Every slowdown in the growth of China’s GDP is seized on by excitable Western journalists as a sign that the wheels are about to come off after nearly four decades of spectacular expansion.
No matter that the Chinese government not only plans for slower growth but has actively applied the brakes to the economy in recent years, both for environmental reasons and to hold back the growth of asset bubbles in the property market.
Nor that China’s current growth rate (6.7 per cent last year) continues to put most of the world’s to shame.
Ann Lee looks at the issues that some say will sink the Chinese boat, from shadow banking and high corporate debt to some of the dubious financial models used by local government to fund development.
But in each case she demonstrates why China is actually at far less risk than Western economies. Most Chinese debt is held within the country, giving the government greater control over handling any default, while strict capital controls prevent mass capital flight.
“Experts” from the World Trade Organisation constantly badger the Chinese to “liberalise” their financial systems and privatise much of the enormous public sector.
But as Lee points out, the fact that China’s banks are publicly accountable is one of the system’s greatest strengths, preventing the sort of crash that hit the West in 2008 since Beijing was able to stop reckless speculation and — crucially — order banks to lend and invest when and where the need arose.
“The recommendation that China needs to step up financial market reforms is self-serving on the part of those who have Wall Street interests,” she notes.
As for the pressure to privatise, she observes drily that “private ... firms are not necessarily better at managing assets.”

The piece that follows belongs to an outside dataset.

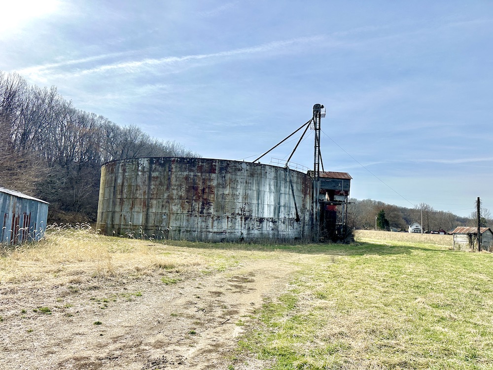 - Old tank has been repurposed for grain storage that could be converted to other dry storage
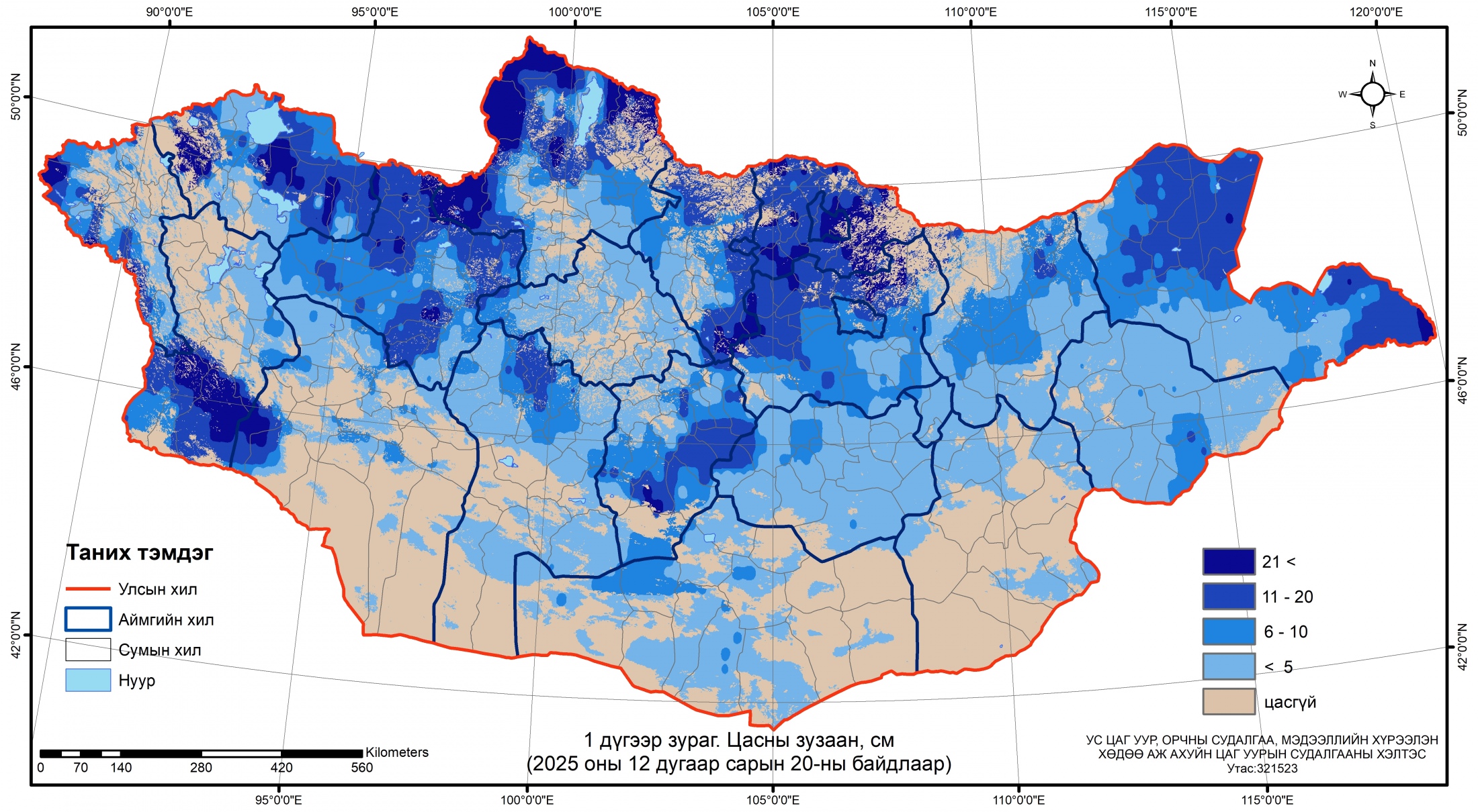 Цаг уурын байгууллагаас арав хоногт нэг удаа хийдэг хээрийн цасны хэмжилтийн мэдээгээр арваннэгдүгээр сарын 20-ны байдлаар нийт нутгийн 79 хувьд цастай байна.

Lee doesn’t always convince. Her apparent belief that China experienced “full communism” under Mao will not be shared by many Marxist economists, and she underplays the threat of war between China and the United States with a recklessly aggressive new president in the Oval Office.
But these lapses of judgement are rare, and it becomes evident that it is not China which is unsustainable, but global capitalism, since “workers’ endeavour and productivity need to be tied to reward” — something she recognises no longer happens in the West.
“We need to find a more sustainable model in which each person is valued for what they can contribute and the diversity of the world’s resources is valued more than the acquisition of money,” she muses at the end. Indeed we do.